[Collected data entries]
|---|

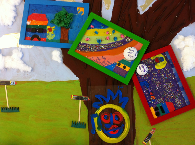 The LSA and teacher gave their full support throughout the project and this enabled the workshops to be both exciting and productive. The 8’ x 4’ collage with Locws signage, worked really well and we are all looking forward to seeing this in a prime spot situated in the foyer of the school. The class were very enthusiastic, interested and well mannered during the session and produced some great artwork.
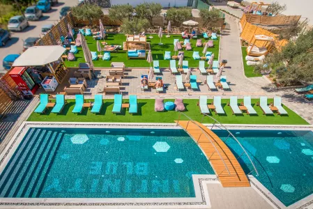 Rezort sa nachádza priamo na krásnej piesočnatej pláži s pozvoľným vstupom do mora, ktorá je ocenená Modrou vlajkou. Na pláži sú k dispozícii ležadlá, slnečníky a osušky bez poplatku, ako aj centrum vodných športov za dodatkový poplatok.
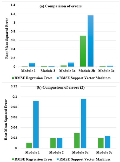(a) Errors according to the RMSE metric in the system’s five modules; (b) similar graph to the previous one, ignoring module 3B, to observe the error more clearly in the other modules.
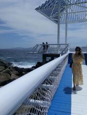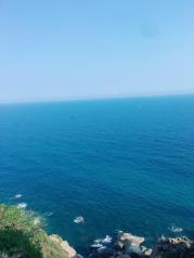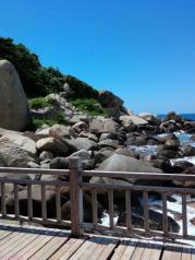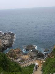 分界洲岛的海水真是美,从山上看下去,岸边都是绿蓝白的,一点都没有污染!真的!太安逸了!保护得太好了,希望下次,不,永远,希望永远都能这么好!站在英雄亭往南望去,远处海面出现一条长长的海水颜色分隔线,一边的海水蓝些,另一边略浅,难道分界洲连海水也跟着分界?
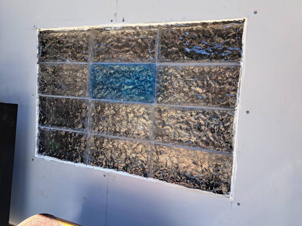 窓下の中央にあるのがプラスチックブロックを使ってます。
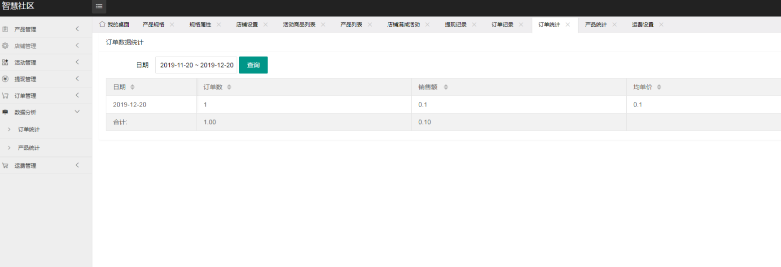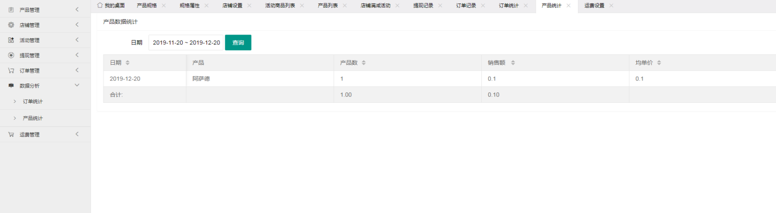 數據分析主要包括訂單統計和產品統計,訂單統計和產品統計都是要訂單發貨后才有記錄。如下圖所示:
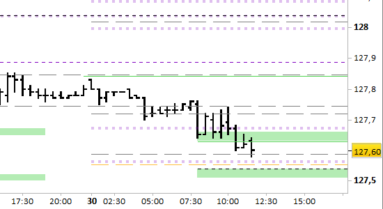 I prezzi si trovano in area di probabile reazione, fra i supporti a 127.63/65 e 127.50/53.
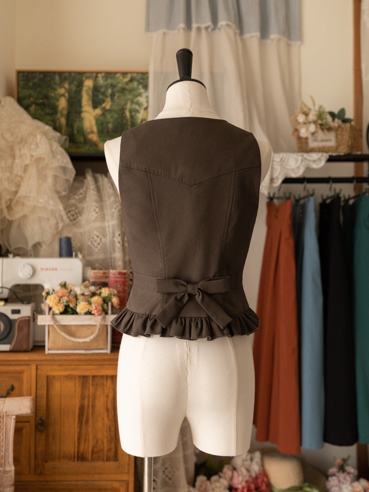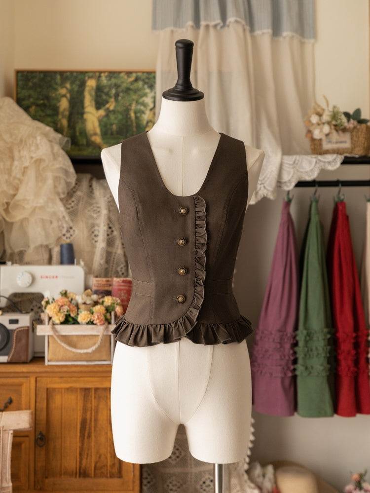 ブラウンのフリルトリム、フロントボタンプラケットウエストコート
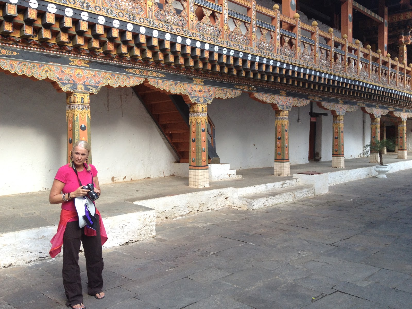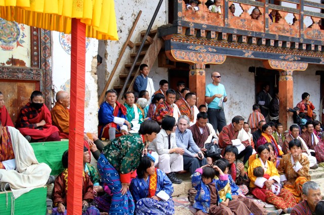 Far below we can see the Tashichhodzong courtyard where the festival is still going on. The festival lasts from about 9 am to 5 pm. We can hear some of the sounds of the drumbeats and cymbals.
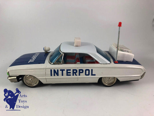 JOUET ANCIEN ICHIKO FORD GALAXIE POLICE CAR INTERPOL FRICTION TIN JAPAN 33CM
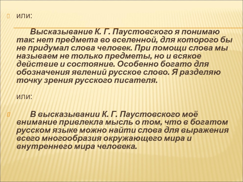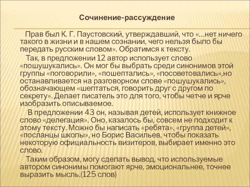 Таким образом, могу сделать вывод, что прав был К. Г. Паустовский, утверждавший, что «…нет ничего такого в жизни и в нашем сознании, чего нельзя было бы передать русским словом».(126 слов)
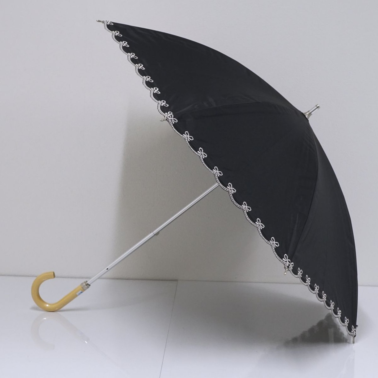日傘 NINA RICCI ニナリッチ USED美品 晴雨兼用 リボン ブラック 黒 UV 遮光 遮熱 47cm S0667
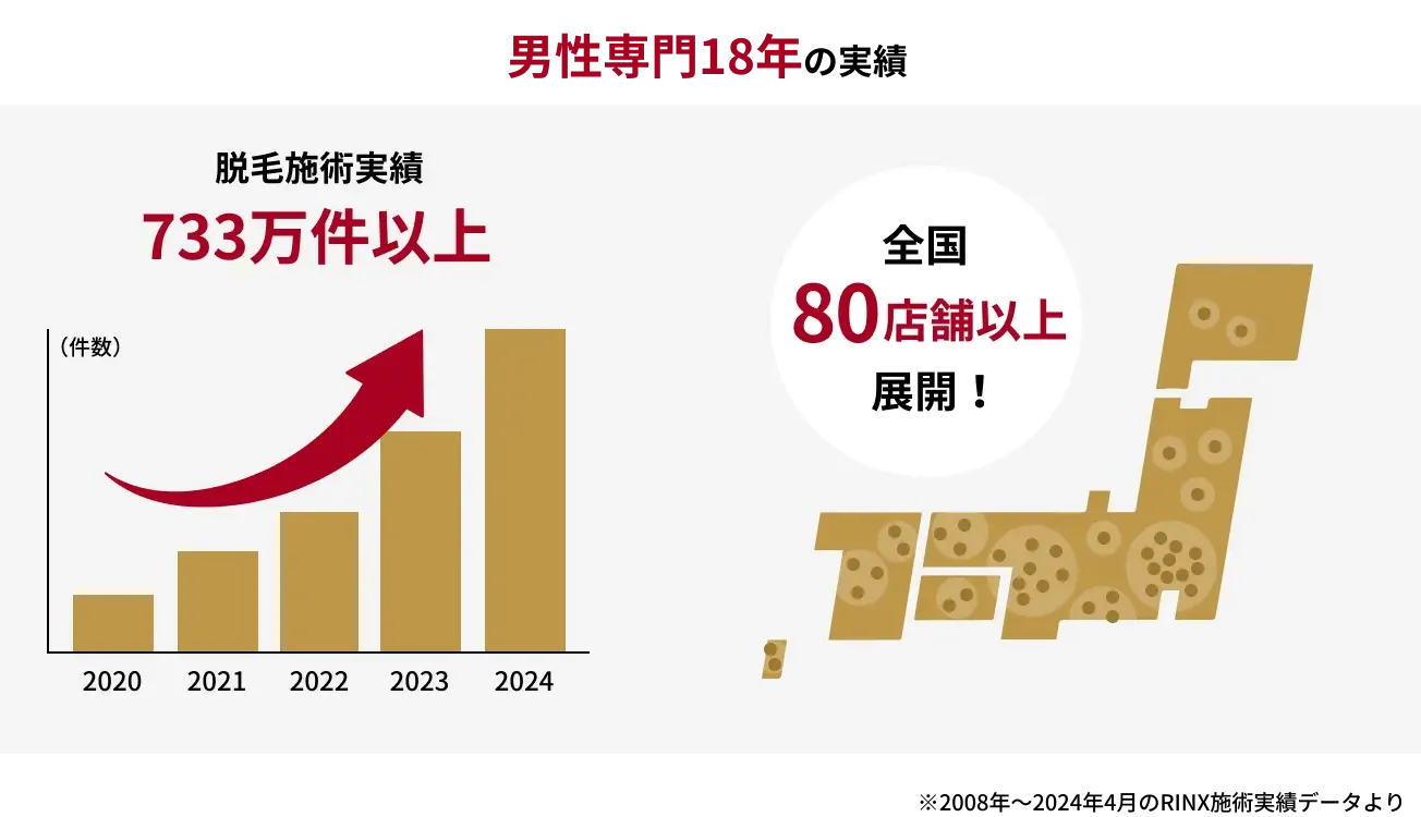 RINXはメンズ脱毛業界で18年の実績、733万件以上の施術データを保有。全スタッフが認定書取得施術者の男性で、十人十色の毛の悩みに合わせた施術を提供。脱毛のその先まで、あなたの人生を二人三脚でサポートいたします。
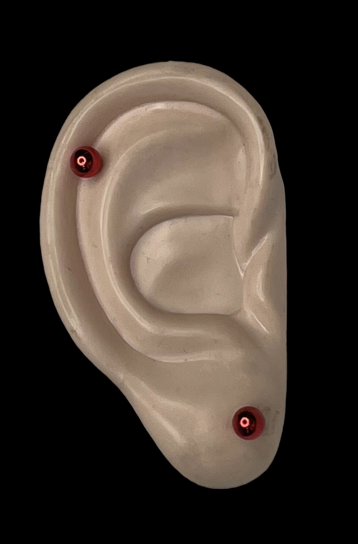 Korvakorut punainen metallipallo 5mm, nikkelivapaa.
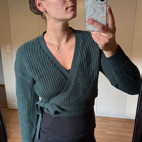ONLY cardigan for dame i størrelse M, men passer både S og L også. Cardiganen er grønn og har ribbestrikket struktur med knapper i front. Passer til hverdagsbruk og kan brukes over topper, skjorter eller kjoler for ekstra lag.
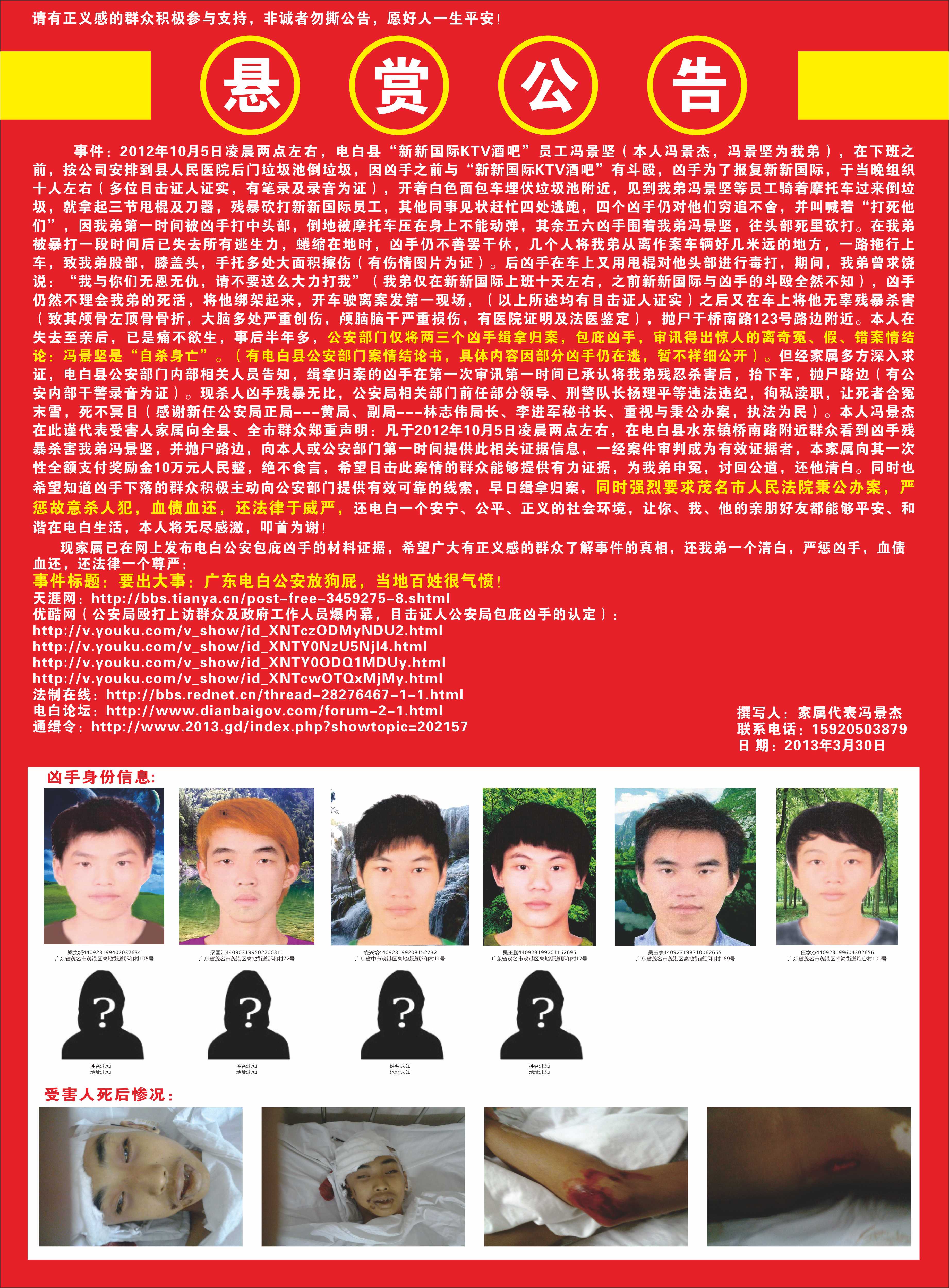 事件:2012年10月5日凌晨两点左右,电白县“新新国际KTV酒吧”员工冯景坚(本人冯景杰,冯景坚为我弟),在下班之前,按公司安排到县人民医院后门垃圾池倒垃圾,因凶手之前与“新新国际KTV酒吧”有斗殴,凶手为了报复新新国际,于当晚组织十人左右(多位目击证人证实,有笔录及录音为证),开着白色面包车埋伏垃圾池附近,见到我弟冯景坚等员工骑着摩托车过来倒垃圾,就拿起三节甩棍及刀器,残暴砍打新新国际员工,其他同事见状赶忙四处逃跑,四个凶手仍对他们穷追不舍,并叫喊着“打死他们”,因我弟第一时间被凶手打中头部,倒地被摩托车压在身上不能动弹,其余五六凶手围着我弟冯景坚,往头部死里砍打。在我弟被暴打一段时间后已失去所有逃生力,蜷缩在地时,凶手仍不善罢干休,几个人将我弟从离作案车辆好几米远的地方,一路拖行上车,致我弟股部,膝盖头,手托多处大面积擦伤(有伤情图片为证)。后凶手在车上又用甩棍对他头部进行毒打,期间,我弟曾求饶说:“我与你们无恩无仇,请不要这么大力打我”(我弟仅在新新国际上班十天左右,之前新新国际与凶手的斗殴全然不知),凶手仍然不理会我弟的死活,将他绑架起来,开车驶离案发第一现场,(以上所述均有目击证人证实)之后又在车上将他无辜残暴杀害(致其颅骨左顶骨骨折,大脑多处严重创伤,颅脑脑干严重损伤,有医院证明及法医鉴定),抛尸于桥南路123号路边附近。本人在失去至亲后,已是痛不欲生,事后半年多,公安部门仅将两三个凶手缉拿归案,包庇凶手,审讯得出惊人的离奇冤、假、错案情结论:冯景坚是“类自杀身亡”。(有电白县公安部门案情结论书,具体内容因部分凶手仍在逃,暂不祥细公开)。但经家属多方深入求证,电白县公安部门内部相关人员告知,缉拿归案的凶手在第一次审讯第一时间已承认将我弟残忍杀害后,抬下车,抛尸路边(有公安内部干警录音为证)。现杀人凶手残暴无比,公安局相关部门前任部分领导、刑警队长杨理平等违法违纪,徇私渎职,让死者含冤末雪,死不冥目(感谢新任公安局正局---黄局、副局---林志伟局长、李进军秘书长、重视与秉公办案,执法为民)。本人冯景杰在此谨代表受害人家属向全县、全市群众郑重声明:凡于2012年10月5日凌晨两点左右,在电白县水东镇桥南路附近群众看到凶手残暴杀害我弟冯景坚,并抛尸路边,向本人或公安部门第一时间提供此相关证据信息,一经案件审判成为有效证据者,本家属向其一次性全额支付奖励金10万元人民整,绝不食言,希望目击此案情的群众能够提供有力证据,为我弟申冤,讨回公道,还他清白。同时也希望知道凶手下落的群众积极主动向公安部门提供有效可靠的线索,早日缉拿归案,同时强烈要求茂名市人民法院秉公办案,严惩故意杀人犯,血债血还,还法律于威严,还电白一个安宁、公平、正义的社会环境,让你、我、他的亲朋好友都能够平安、和谐在电白生活,本人将无尽感激,叩首为谢!

|---|

Nothing but the lines from the one with "Korvakorut punainen metallipallo" up to and including the one with "ONLY cardigan for" should be printed, exactly as they read above. Please keep the pictures out.

 Korvakorut punainen metallipallo 5mm, nikkelivapaa.
ONLY cardigan for dame i størrelse M, men passer både S og L også. Cardiganen er grønn og har ribbestrikket struktur med knapper i front. Passer til hverdagsbruk og kan brukes over topper, skjorter eller kjoler for ekstra lag.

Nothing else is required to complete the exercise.